MLC Portfolio Manager, Dr Ben McCaw talks about the importance of foreign exchange exposures within the MLC Inflation Plus portfolios and how short-term volatility is managed.
Sinead Rafferty: Hi, I'm Sinead Rafferty, Portfolio Specialist at NAB Asset Management and today I'm joined by Dr Ben McCaw, Portfolio Manager at MLC. Welcome Ben.
Dr Ben McCaw: Thanks Sinead.
Sinead Rafferty: Ben, one of the strategies that's becoming more and more prevalent within the MLC portfolios is monitoring the currency exposure. Can you tell us about that role that plays in the portfolios?

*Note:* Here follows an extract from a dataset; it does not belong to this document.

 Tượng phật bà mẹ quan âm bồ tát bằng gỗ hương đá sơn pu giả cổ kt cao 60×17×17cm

Dr Ben McCaw: Foreign currency is a very important exposure in the portfolios. It's as important as any other asset class like equities and fixed income. But it's been particularly important for say the past 10 years or so, while interest rates have been extremely low. During that time we've found that it's been very difficult to diversify the portfolios using traditional fixed income exposures, this is particularly true for Inflation Plus. So foreign exchanges come as really a high index role in us controlling risk for the portfolios. But when it comes to foreign exchange it's not just a case of say looking at your unhedged versus your hedged exposure. Each individual currency pair can bring particular characteristics to the portfolio and it's the blend of foreign exchange exposures that's really important, that motivates us to embed as much as we can to the portfolios, without extending risk too much.
Sinead Rafferty: So Ben, one of those currency pairs is the Australian dollar versus the US dollar, which has fallen sharply over the last year. Can you tell us how that influences your risk management strategy?

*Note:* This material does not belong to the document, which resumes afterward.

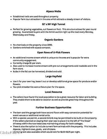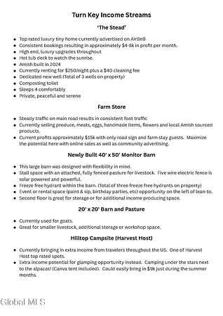 Welcome to your turnkey income-producing farmstead! Enjoy country living while earning from a top-rated luxury tiny home Airbnb, alpaca walks, hilltop campsite, organic gardens & profitable farm store. Features include a new 40'x50' monitor barn, 20x20 barn, 32'x96' high tunnel greenhouse, organic gardens, hayfields, walking trails, babbling stream & u-pick flowers. New detached garage with loft with main house (3 bed, 1 bath). New tiny luxury cottage (sleeps 4) with upgrades galore including jacuzzi deck with separate drive! Opportunity to expand with wedding venue or simple photography site. Also, rental of portion of barn for artist studio potential. Breathtaking views, unmatched serenity & room to grow make this a rare opportunity to live, work, and thrive all in one beautiful place!

Dr Ben McCaw: The US dollar has strengthened quite a bit over the past year and the Australian dollar's weakened at the same time, so from an Australian dollar/US dollar point of view, that change in price has been quite profound, but what hasn't happened over the past year is the Australian dollar hasn't weakened terribly much against other foreign exchange pairs like the Yen, the Euro, and Stirling. So while we've lost some of the potential for diversification and risk control through the US dollar, we've found some more by exposing the portfolios more to US, Yen, and Euro, and bringing down the US dollar exposure at the same time.
Sinead Rafferty: Finally Ben, emerging market volatility has had a major impact on the Australian dollar in recent times. How does has that influenced how you manage the short term performance of the portfolios?
Dr Ben McCaw: So while we manage the currency exposures ourselves or determine which currency exposures we want, when it comes to actually determining how we're going to implement that in markets, we work very closely with our internal derivatives team. For example, I talked earlier about the role of some of the important G10 currencies in our risk management exposures. Now the issue there is that we're usually thinking on a 3, 5, or 7 year timeframe for the currencies to deliver what we think they can to the portfolios, but the reality is that foreign exchange is very volatile over the short term. So one of the things that the derivatives team has done for us, is design a strategy that helps us walk through the shorter term volatility but maintain the long term exposures that we think are ultimately beneficial for the portfolios.
Sinead Rafferty: Thanks for your time Ben, and thank you for joining us.